The ease of dichotic listening and selective attention to a single ear also occurs in most bilateral CI listeners. Goupell et al. (2016) tested 11 adult bilateral CI listeners and found nine listeners had relatively symmetric abilities in attending to the right or left ear. The other two listeners could easily attend to their right ear, but demonstrated great difficulty attending to their left ear despite explicit instruction. The inability to easily attend to the left ear was also found in two of 10 children with bilateral CIs—those who had the longest interimplant durations (Misurelli et al., 2020). Other bilateral CI listeners in a separate study (Goupell, Stakhovskaya, et al., 2018) had a similar difficulty perceiving sound presented to one of their ears with dichotic presentation, but this did not occur with monaural presentation. This subset of results in bilateral CI listeners appears to have some similarities to the loss of binocular vision caused by the amblyopia phenomenon (Barrett et al., 2004; Kaplan et al., 2016; Whitton & Polley, 2011), as one explanation for the data was that these few listeners were unable to attend to an ear because its input was not perceived under dichotic presentation.

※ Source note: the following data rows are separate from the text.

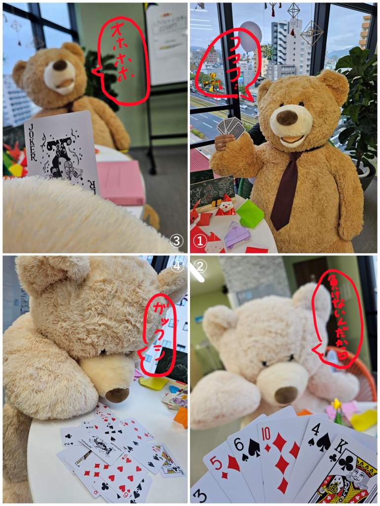 今日はコミュニケーション向上プログラムとして、カードゲームをやりました。
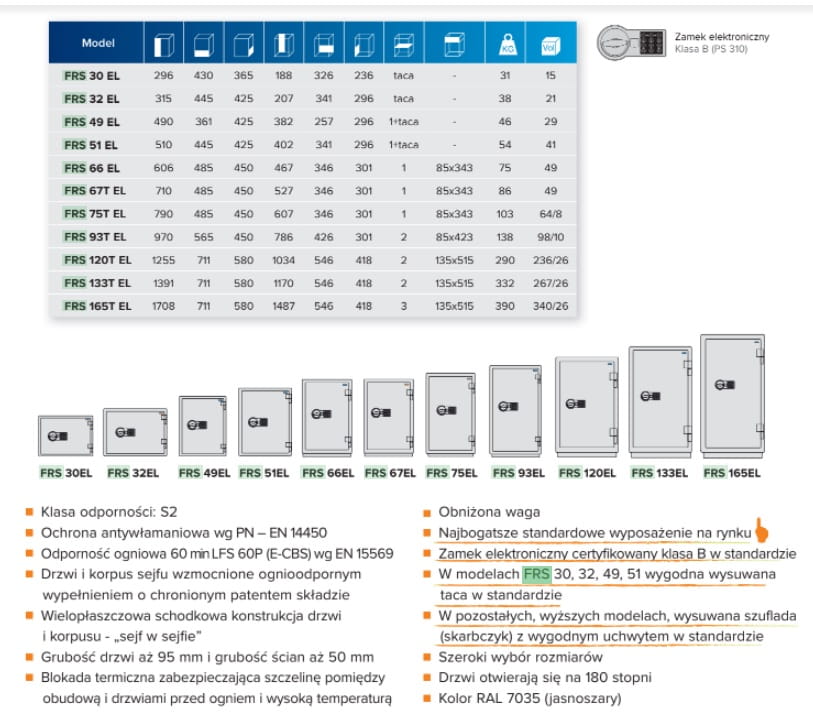 Sejfy FRS marki Valberg zaprojektowano aby skutecznie zabezpieczać przechowywane wewnątrz sejfu dokumenty oraz wartościowe przedmioty w przypadku pożaru - certyfikat LFS 60P który został nadany tym sejfom gwarantuje zabezpieczenie przed ogniem przez co najmniej 60 minut. Sejfy Valberg z linii FRS zapewniają również ochronę antywłamaniową - posiadają wysoką klasę odporności S2 podczas gdy zdecydowana większość dostępnych na rynku sejfów cechuje się klasą odporności S1 lub jej brakiem.
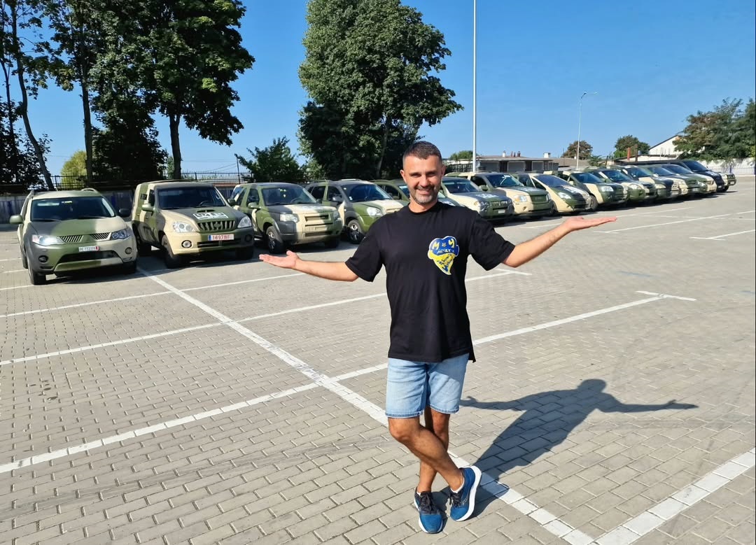 Тарас Стадницький біля придбаних автівок на фронт з концертів «VIP Тернопіль». Фото: instagram.com/vipvolodka/
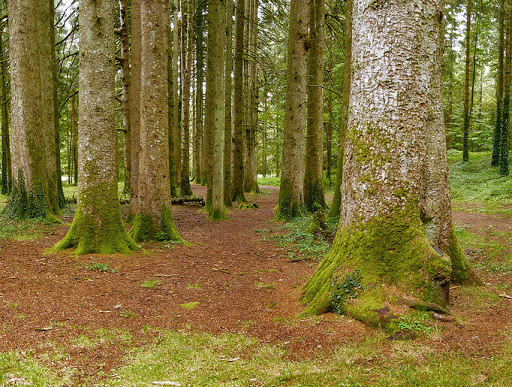 Un bosque cuyos árboles de altos troncos y densas copas han creado un techo natural por el cual unos rayos de sol llegan a pasar, convirtiendo este lugar en un espacio único.
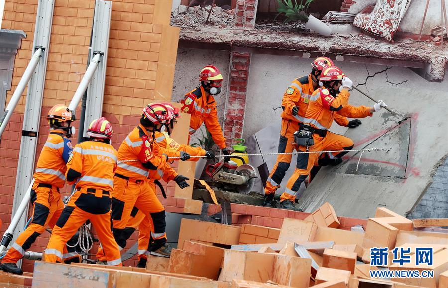 6月3日,救援人員在演練中對倒塌墻體進(jìn)行破拆。新華社記者方喆攝。
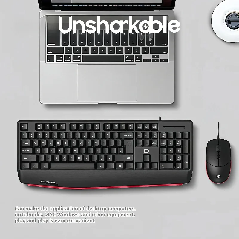 UNSHARKABLE 8500P Ergonomic Wired Keyboard Combo Media Shortcuts Compact Design For Home Office Studio PC Mac Systems Laptop
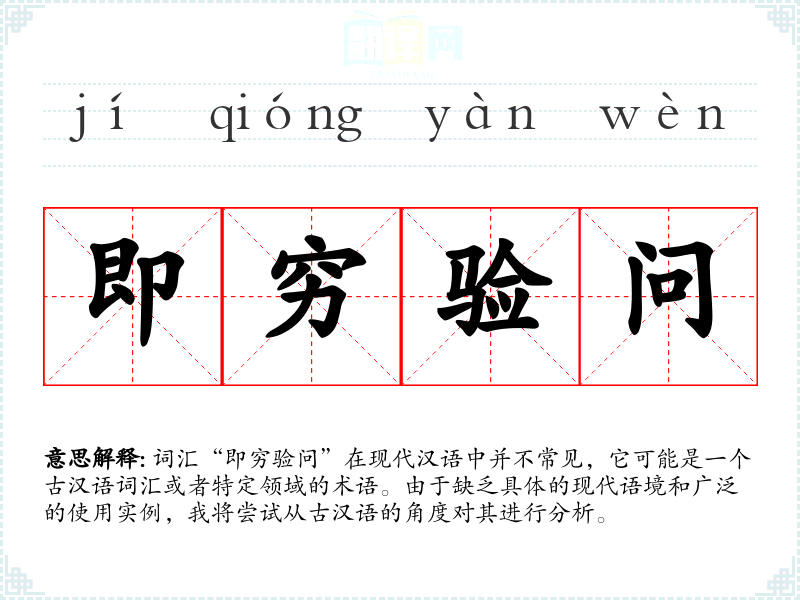 由于“即穷验问”不是一个常见的现代词汇,其词源和演变可能与古汉语的研究和使用有关。在古代文献中,类似的表达可能用于强调调查或研究的严谨性。
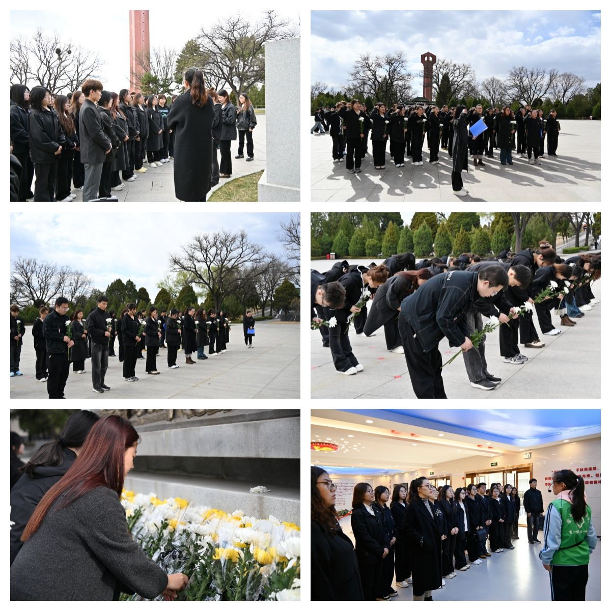在纪念碑前,全体成员举行了重温入党、入团誓词的仪式,随后默哀缅怀先烈。献花环节中,同学们手持菊花,集体鞠躬后依次献花,表达崇高敬意。之后,大家有序参观纪念馆,认真聆听革命先辈的英勇事迹。

While there is mounting evidence for difficulty in understanding speech with asymmetrical inputs, particularly for accessing spatial-hearing benefits, the heterogeneity of the CI population (differences in performance due to biological, surgical, and device-related factors; Litovsky et al., 2012) makes it difficult to separate effects due to functionally asymmetrical performance from developmental problems like an amblyopia-like effect (i.e., amblyaudia; see Kaplan et al., 2016, for a review). Therefore, the purpose of this study was to determine whether there are consequences to auditory processing of speech through asymmetrical inputs in the absence of developmental issues, which are often difficult to assess (Whitton & Polley, 2011). To avoid the variability that occurs in clinical populations, we produced asymmetrical inputs through a signal processing technique called “channel vocoding” (Dudley, 1939; Shannon et al., 1995), degrading the signals parametrically and independently in each ear. We hypothesized that it would be more difficult to attend to a relatively poorer ear and ignore a relatively better ear. We simulated two forms of hearing asymmetry with a CI in this study. In Experiments 1 and 2, we simulated differential spectral resolution, which is related to physical placement of the electrodes, how electrical fields interact and overlap in the cochlea, and neural degeneration (e.g., Croghan et al., 2017; Friesen et al., 2001). In Experiment 3, we simulated differential electrode array insertion depths across the ears to produce a frequency-to-place mismatch or “shift” of frequency information. These conditions simulate some of the asymmetrical ear differences that could occur in the CI population.

Experiment 1: Selective attention and asymmetrical spectral resolution

Listeners and equipment

Ten normal-hearing (NH) listeners between the ages of 20 and 35 years were tested in this experiment (mean age = 24.7 years), a sample size based on previous similar work using vocoded speech with this type of experiment (Goupell et al., 2016). The listeners had typical hearing thresholds (≤20 dB hearing level [HL] air conduction thresholds) at 0.25, 0.5, 1, 2, 4, and 8 kHz, measured with an audiometer (Maico, MA41; Berlin, Germany). In addition, listeners were screened for asymmetrical hearing such that no listener had an interaural difference in threshold at any tested frequency of >10 dB. Seven listeners had previous exposure to vocoded speech, and all were native English speakers.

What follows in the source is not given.